St. Thecla is one of the most important female martyrs from early Christianity. Born to a noble family in Anatolia, modern day Turkey, she joined Paul the Apostle in his voyages around the Holy Land and became a healer. Like many early Christians, Thecla suffered from persecutions and was killed for her faith. But her dedication to a life of asceticism, chastity and healing inspired Catholics for centuries. Lebanon has an estimated 42 churches dedicated to St. Thecla, while the United States currently counts three parishes named after her, in Michigan, Massachusetts and Illinois. But it was in northern Italy that Thecla left an especially profound mark. 

Saint Techla
Threecharlie|Wikipedia|CC BY-SA 3.0
A 290-sq ft altarpiece honors the help of St. Thecla during the 1630 plague in Este, Italy.

The first Cathedral in Milan was originally dedicated to Thecla and the beautiful Baroque church of Este, near Venice, is still the most important church in her name to be found in Europe. It was here that in the 1630s citizens prayed to St. Thecla during a violent outbreak of bubonic plague that killed 50,000 people in Este and surroundings.
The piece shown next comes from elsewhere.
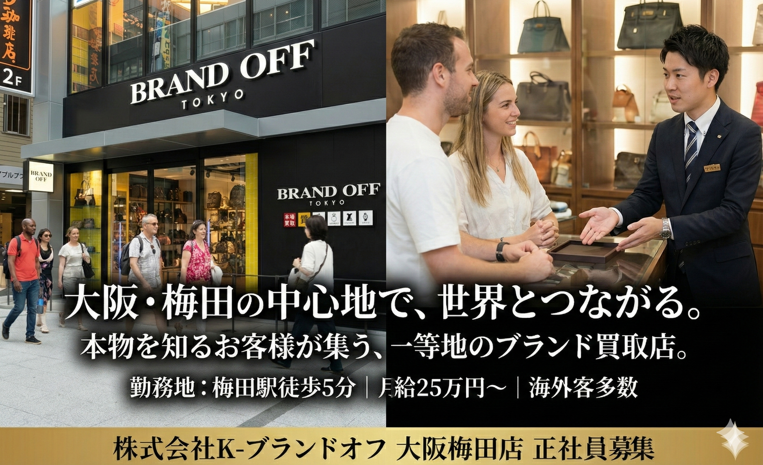 ブランド買取スタッフ/賞与あり/完全週休2日制/社会保険完備/大阪市北区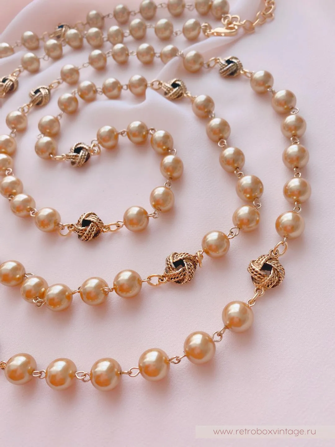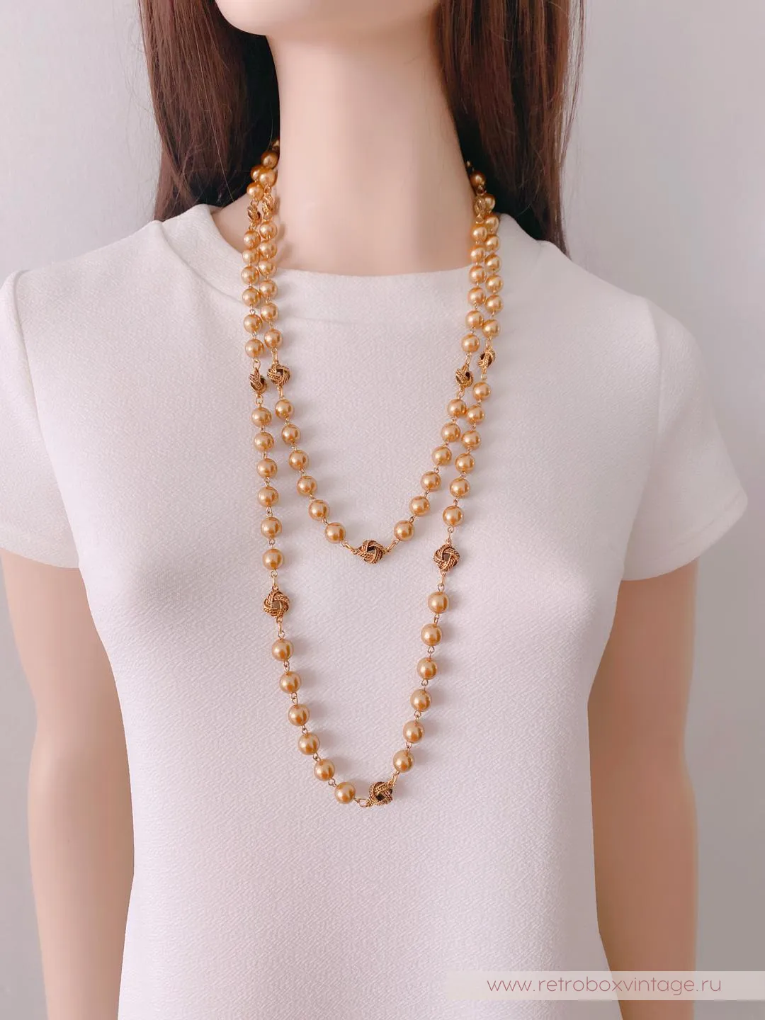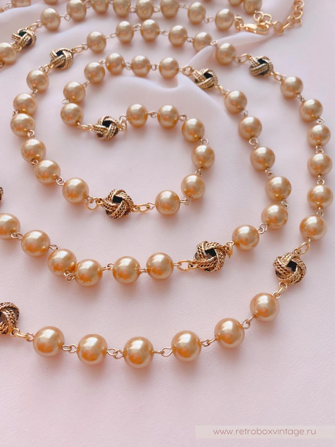 Длинная жемчужная нить украшена золотыми элементами в виде арабских узелков, которые придают изделию особую пикантность и характер. Жемчужные украшения всегда были символом женственности и утонченности, и это колье не исключение. Они подчеркивают красоту и индивидуальность каждой женщины, придавая образу шарм и элегантность. Коко Шанель обожала жемчуг и создавала великолепные украшения, которые стали культовыми. Ее любовь к жемчугу стала основой для создания неподвластных времени аксессуаров, которые олицетворяют стиль, уверенность и изысканность.

When the plague came to an end, Este’s priest, Marco Marchetti, commissioned a moving portrait of St. Thecla from Gian Battista Tiepolo, a key exponent of Venetian Baroque painting. 

Public Domain
Early Christian martyr St. Thecla is featured as she intercedes with the Eternal Father to ask for the liberation of Este from the plague.

In just twelve months, Tiepolo created an imposing altarpiece measuring 290 square feet that decorates the altar of Este’s Cathedral to this day. Saint Techla herself is featured in the painting as she intercedes with the Eternal Father to ask for the liberation of Este from the plague. Some moving scenes including a young girl sitting by her deceased mother standing against the town of Este and its surrounding hills. 

Last year, the altarpiece was made accessible to the public after a long period of restoration that helped restore its original colors. A beautiful oil sketch used by Tiepolo during preparatory works is currently kept at New York Metropolitan Museum of Art.